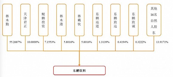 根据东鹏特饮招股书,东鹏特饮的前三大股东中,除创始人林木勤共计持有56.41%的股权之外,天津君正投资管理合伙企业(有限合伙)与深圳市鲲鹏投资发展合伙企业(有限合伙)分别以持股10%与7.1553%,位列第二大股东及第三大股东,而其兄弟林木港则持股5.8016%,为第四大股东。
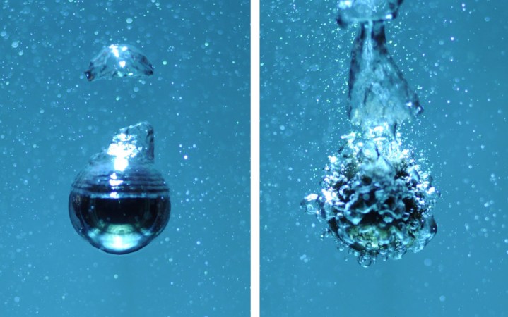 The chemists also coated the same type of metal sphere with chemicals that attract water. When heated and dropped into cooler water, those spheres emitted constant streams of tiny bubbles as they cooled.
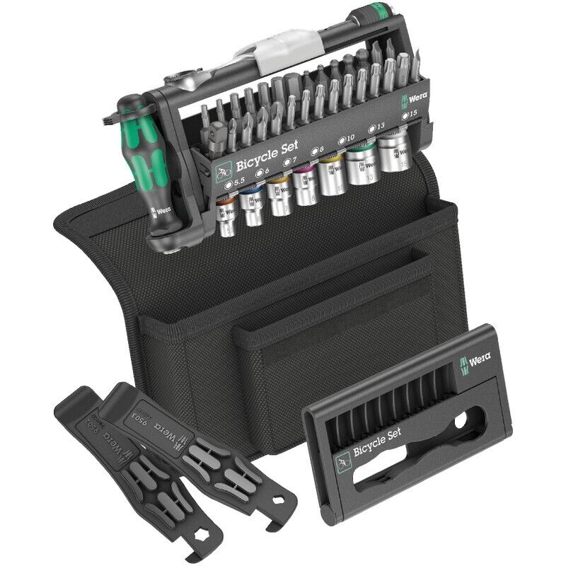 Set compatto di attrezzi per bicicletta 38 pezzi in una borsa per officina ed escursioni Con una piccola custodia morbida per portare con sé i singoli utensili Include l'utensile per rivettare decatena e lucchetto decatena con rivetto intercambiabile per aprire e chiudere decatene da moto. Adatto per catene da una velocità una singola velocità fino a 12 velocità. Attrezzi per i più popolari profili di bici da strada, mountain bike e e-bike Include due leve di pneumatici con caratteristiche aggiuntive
======
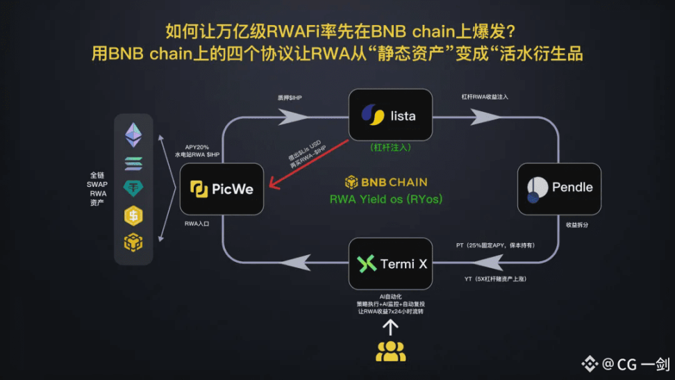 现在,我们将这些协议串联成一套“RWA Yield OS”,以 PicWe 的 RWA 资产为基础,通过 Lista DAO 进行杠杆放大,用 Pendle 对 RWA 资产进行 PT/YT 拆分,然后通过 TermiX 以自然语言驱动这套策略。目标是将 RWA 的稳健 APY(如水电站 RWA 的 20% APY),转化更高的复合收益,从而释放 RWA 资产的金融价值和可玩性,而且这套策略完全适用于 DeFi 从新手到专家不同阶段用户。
======
Return exactly the lines of the material above, starting at the line containing "根据东鹏特饮招股书,东鹏特饮" and finishing at the line containing "The chemists also", without any pictures.

 根据东鹏特饮招股书,东鹏特饮的前三大股东中,除创始人林木勤共计持有56.41%的股权之外,天津君正投资管理合伙企业(有限合伙)与深圳市鲲鹏投资发展合伙企业(有限合伙)分别以持股10%与7.1553%,位列第二大股东及第三大股东,而其兄弟林木港则持股5.8016%,为第四大股东。
 The chemists also coated the same type of metal sphere with chemicals that attract water. When heated and dropped into cooler water, those spheres emitted constant streams of tiny bubbles as they cooled.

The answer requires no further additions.